The Fine Art of Cat Relocation
Monday, November 9th, 2009I had a brief impulse to get all cutesy on you and call this “The Fine Art of ReloCATion” but I hate a pun as much as the next guy. More.

Me on the flight from Seattle to Miami after about three hours of sleep...the first night like that of many.
Apologies for my lengthy absence. In a practical sense, internet connections have been non-existent. In addition, traveling with three people, three cats, and nine pieces of luggage was, to put it simply, painful.
To put it less simply:
I wrote that blog for you Friday, and it was pretty much pure chaos from there on out. Stress was running high, and my friends expressed theirs during a lengthy and protracted bickering match that lasted about three days.
Oh joy.
At any rate, allow me to cover the highlights of pulling off such a feat, should you ever feel so stupid.

On Horseshoe Bay beach. I was kind of proud of this artsy shot.
Step one: Clown car experience.
1. Grossly overload a rented Toyota Camry.
2. Realize there is no room in said rental car for the third wheel you’ve included in your nightmare (me).
3. Overreact and come up with a weak plan to call a cab 15 minutes after you originally planned to be at the airport, thereby guaranteeing extraordinary amounts of stress for all parties.
4. Decide instead to load third wheel vertically into the front seat, where she will lie in a precarious and painful position – wedged between the drivers seat and passenger side door and astride another person in a manner she has not even come close to attempting since she was 13 years old – for 45 minutes.

Me at Jobson Cove - a spot the locals used to use to raid ships that crashed in the surround reef (so said the homeless guy bathing there.)
5. Pray to whatever you believe in that lying in this manner doesn’t dislocate a disc or damage your back or send you (me) through a windshield or whatever.
6. Arrive at airport in one piece. Hallelujah!
Step two: Security meltdown
1. Take three fancy Persian cats through airport security
2. Refuse to kowtow to the tried and true.
3. When asked to remove a cat from its carrier and carry it through the scanner, become hysterical that that cat will scratch, kick, bite, break free, and live its life begging at the Anthony’s Seaport Grill.

Horseshoe Bay - bad weather rolling in
4. Flirt with imprisonment. Get irritated and use words such as “harassment” and “abuse of power” during TSA employee deep dive on bags.
5. Lose shoes and start wandering around security area sorrowfully looking for them.
6. Watch as four men escort you a private room for further bag investigation and a thorough excavation of the cat carriers. Ask if the cats will be receiving a cavity exam, and feel stupid when no one realizes that’s meant as a joke or laughs.
7. Race to gate, realizing you have no food or water for the six-hour flight to Miami.
8. Discover cat has peed on self in crate
9. One hour into flight, notice harrowing smell and realize another member of the feline trio has crapped on itself.
10. Take offending cat to the restroom for a sponge bath.

Why would you buy eggs in a jar?
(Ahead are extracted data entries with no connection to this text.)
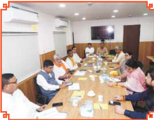
রাজ্য বিজেপি কার্যালয়ে কোর কমিটির বৈঠকে কেন্দ্রীয় এবং রাজ্য নেতৃত্ব।
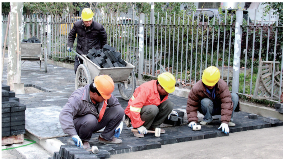
佳木斯路(营口路-沙岗路)道路积水改善工程的竣工,提升了区域防汛排涝能力。

10项新开工项目已启动前期工作:滨江技博会配套路网工程正编制项目建议书,临青路(河间路-平凉路)交通改善工程、双阳路(控江路-周家嘴路)交通改善工程正结合架空线入地方案进行深化,沙岭路(顺平路-周家嘴路)道路新建工程、顺平路(隆昌路-沙岭路)道路新建工程启动前期手续办理,大武川雨水泵站截流调蓄工程完成初步设计上报,仁德变电站规划方案已获批,供水管网改造工程、市政污水管网完善工程正编制实施方案,扶苏路道路改建工程施工许可证正在等待批复。
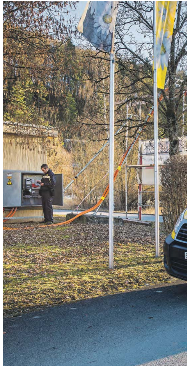
Die Postboten von Schaffhausen nehmen in diesen Wochen 30 000 Ablesungen
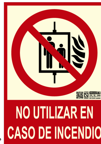
Placa señalización “No Utilizar en caso de Incendio”
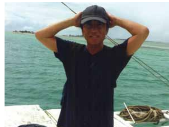
セブ癒しの旅、気候、自然を満喫できました! セブ市内観光や夜景観賞、島巡りにショッピング等、どれもこれも素晴らしかったです

海外旅行が大好きで、今まで欧米・アジアいろいろな国々を旅してきましたが、セブは今回初めて。正月休みに大雪の新潟から逃げるように暖かいセブに5日間滞在しました。天気予報では5日間とも雨でしたが、普段日々のおこないが良いせいか(笑)1日目以外は全て晴れ男になりました。おかげでセブの気候、自然を満喫できました。セブに行く以前は治安を心配しましたが、街を歩いても全然問題なかったし、逢う人みんな親切で笑顔で接してくれるので、フィリピンの印象も行く前とはずいぶん変わりました。5日間で体験したセブ市内観光、夜景観賞、カジノ、船での島巡りとバーベキュー、ショッピング、食事、ビーチやプール等のリゾート施設、どれもこれも素晴らしかったです。特にメイドさんが作ってくれた朝食やマンゴやカラマンシージュースが美味しかったし、オイルマッサージも安くて気持ちよかったです。マンゴが毎日食べれるのは嬉しいですね。連日夜遅くまでお世話になったガイドさん、メイドさん達のおかげで本当に心に残る滞在になりました。帰る時もリゾートから離れたなくて、ずっと滞在していたかったくらいです。再び近いうちに行きたいと思うので、その時はまたよろしく願いいたします。本当にありがとうございました。
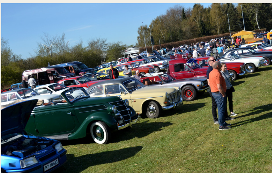
Kik ud over træfpladsen.

stod på hele dagen. Om middagen var der mulighed for at købe sandwich og drikkevarer eller spise i restauranten. Der var virkelig pres på alle steder, for i stedet de forventede 130 - 150 deltagere, kom der over 400 deltagere, men der var plads til alle på det dejlige areal omkring Museet.
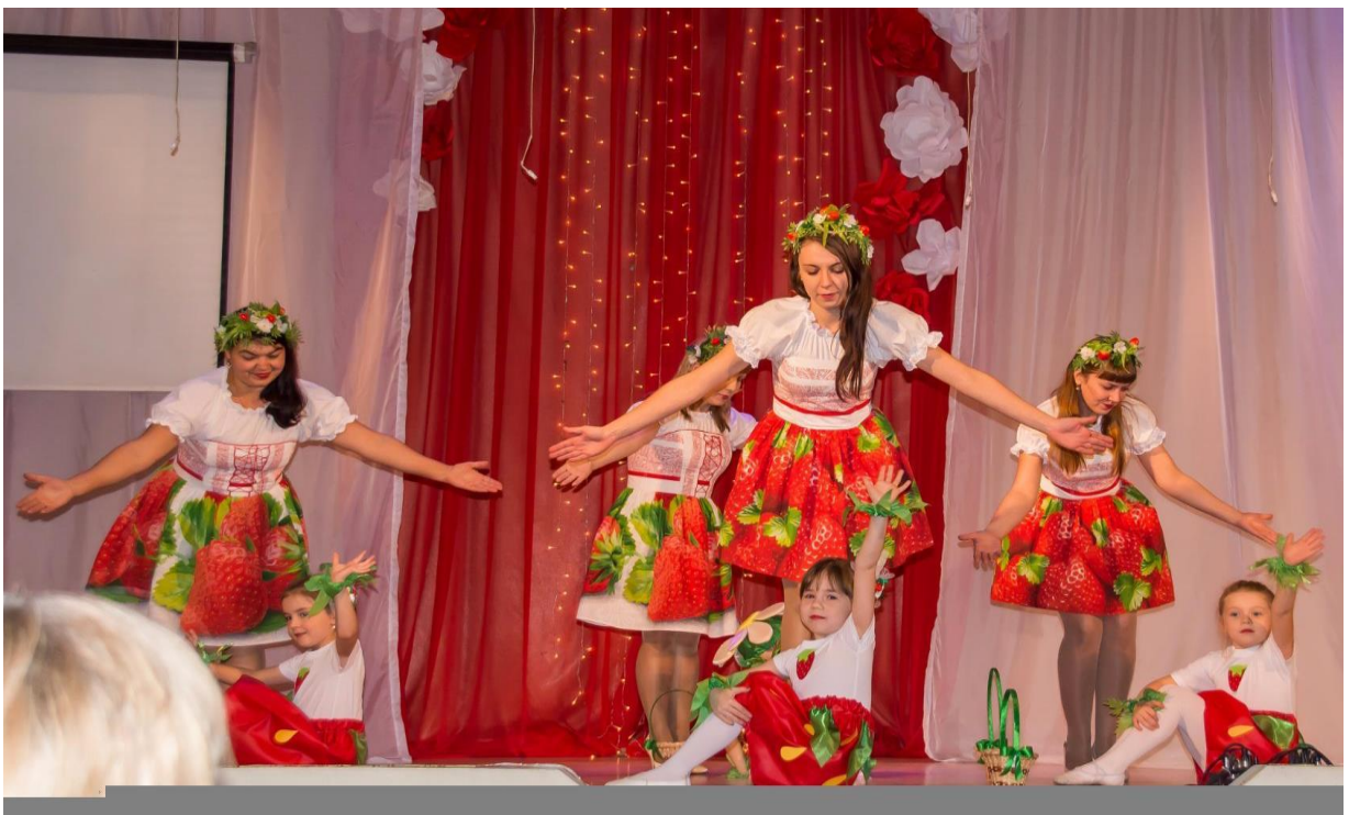
Участники областного фестиваля «Ситцевая радуга»

Shipped from Portugal?
Step three: Travel waaaay out of your way for dinner
1. See above note about bickering
2. Hang out in your room at the airport hotel with the cats until approximately 11:40pm
3. After a knock at your door, greet your anxious (and hungry) third party member, and join her for a quick meal at the hotel bar at 11:45pm
4. Learn that hotel bar is no longer serving food, and throw a conniption fit.
5. If you are one of the two female members of the group, have a drink. If you are me, have a gin martini straight up with four olives (quite possibly the only solid substance you’re going to get tonight) and pray it goes to your head immediately.
6. If you are the non-female member of the troupe, go and ask the concierge about places to eat, and completely lose your shit when you are told everything is closed. Storm out of the building – on foot – in search of an iHop. An iHop nobody has claimed exists.

If they hadn't cost $7.00 (USD + Bermudian are interchangeable. They even give you change in American money if you ask) I probably would have bought these out of curiosity. And because I like pickled eggs. Usually.
7. Talk to taxi drivers and return to your comrades at the bar. Explain to them that you just learned there’s a restaurant a few minutes away called “South Beach.” Convince everyone to join you for a quick meal.
8. Pile into back seat of taxi and ride…and ride…and ride…and cross bridges…and ride…and go to another continent…and ride…all with the growing realization that you are not going to South Beach, the restaurant, but South Beach (and you are in no way, shape, or form dressed to take on South Beach)
9. Eat a pretty good meal (all things considered), discover a new way to make vodka lemonades (add mint!!!, and get back at 3am, all the while wondering how this day got so damned long.
Lather, rinse, repeat.
More tomorrow on day two of the journey to get here (and hopefully wifi for my own computer so I can upload some photos to augment your reading pleasure).
p.s.
Justice was served. Blueberry neither peed nor pooped himself. In the end, the bad cat was the good one!